While day-trippers are welcome, the monastery doesn’t allow the curious to try out monastic life for a few days or weeks. The minimum stay is six months. And all the monks are celibate, single and male. Once they take their permanent vows, they do not speak of their lives before the monastery.
“It’s like the institution was picked up in India and plopped down here. … Something our founder purposely tried to do is not dilute it or change it seriously because of where it is,” said Satguru Bodhinatha Veylanswami, the current guru and abbot of the monastery.
Still, the ascetics’ traditional orange, yellow or white cotton robes and shaved or bearded appearances belie their modern savvy. These monks have cell phones, digital cameras, podcasts and widescreen computer monitors to put out their magazine, with a worldwide circulation of 15,000 print and 5,000 digital. The monastery’s Web site gets up to 40,000 hits a day.
“If you start searching Hinduism on the Web you come to us in a hurry,” said Mr. Arumugaswami, who is also managing editor of the monastery’s magazine.
And the monks also don’t entirely eschew outside society.
They have been deeply involved in community actions, which include helping design and print anti-drug bumper stickers they then donated to Kauai County, said state Sen. Gary Hooser, who lives near the monastery.
“They’re very good neighbors,” he said. “They have a significant presence in terms of building their temple and the monks and the property they have there. But they manage that presence very well, so it’s very low key.”
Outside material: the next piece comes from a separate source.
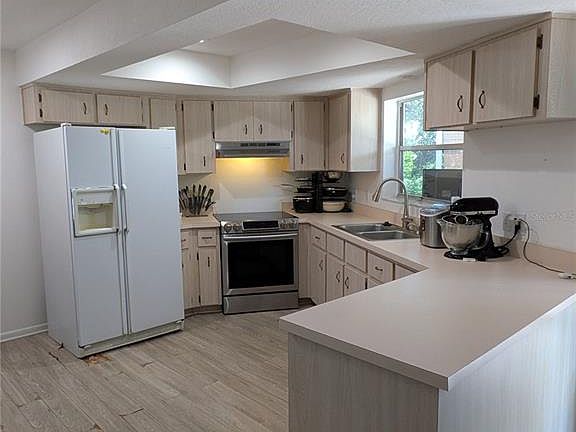 This cozy block 3 bedroom, 2 bath home is located in a quiet easy access neighborhood. Enter into a spacious (24X14) living room with an open floor plan that leads to the dining/kitchen combo with laminate flooring throughout. Well proportioned kitchen (12X10) with ample cabinetry and countertops, stainless steel range and dishwasher, large pantry, and recessed lighting. The primary bedroom is (14X13) with carpet, and has a large walk-in closet. The en-suite bathroom has an updated vanity and walk-in shower . The two additional bedrooms, (14X10) and (13X10) and have carpet and double closets that are great for storage. The main bathroom has been updated and includes a tub. There are two additional closets in the hallway. Home also includes a utility room (11X6) with sink and washer/dryer hookup. The two car garage has been partially converted to living space (14X10) and can easily converted back. Screened porch (18X12) overlooks the fenced private yard and can be accessed through dining room. Located just minuets from I-4 and accessible to Florida's many attractions, restaurants and shopping.

The monastery’s partially constructed temple now stands at the edge of a small valley that plunges down to the Wailua River, a pond and a few rushing waterfalls, and against a distant backdrop of soaring green mountains. Complete with tropical flowers and other plants — some purchased from the National Tropical Botanical Garden headquartered on Kauai — the monastery’s landscaped gardens are awe-inspiring.
“Part of the object is to place the temple in just the most beautiful Hawaiian environment possible,” said Mr. Arumugaswami, explaining that the temple’s surroundings are a “natural” temple.
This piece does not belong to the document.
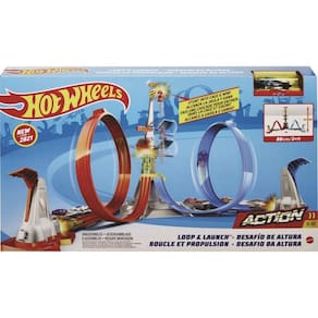 O conjunto inclui uma pista e um carrinho, perfeito para crianças de 05 a 10 anos. Com ele, os carros correm em alta velocidade ao longo das pistas e atravessam um loop impressionante que os leva até uma gaiola que pode alcançar até 60cm no ar. É pura adrenalina!

Among the primary tenets of the order, which has about 8,000 temple supporters and several hundred close disciples, is the belief that Shiva is in everything and everyone. The goal is to understand one’s oneness with Shiva, and therefore be freed from the eternal cycle of death and rebirth into the physical world.
Mr. Subramuniyaswami left specific instructions for the new temple’s construction. No machinery may be used to cut the stone, which he believed would destroy the stone’s “song.” Machines are only used to lift some of the larger stones into place. The guru also required that the temple be built without debt, prompting a fundraising campaign that has so far raised $10 million toward its goal of $16 million, half of which would be set aside as a maintenance endowment.
The building still awaits part of its roof and its lava rock base that will be an homage to the design of sacred Hawaiian heiaus, ancient stone platforms used for worship in the islands. And the 700-pound crystal lingam — a symbol of the god Shiva — now housed in the monastery’s Kadavul Temple has yet to be installed in the new temple’s inner sanctum.
But the building began to spiritually “wake up” during a ceremony held last year.
“The way that we look at a temple in Hinduism is that the temple itself is a form of God. And so it is divine. It’s not just a building. That’s why we go through so much trouble to build it,” Mr. Arumugaswami said.
That attention shows in the narrative and decorative details throughout the structure. Twenty-four pillars feature bas-relief allegorical images of Hindu teachings. On one are two turtles, one with its legs extended and another retracted into its shell to symbolize the withdrawal of one’s senses during meditation. Another shows an archer, to illustrate karma and how destiny is made up of choices and actions.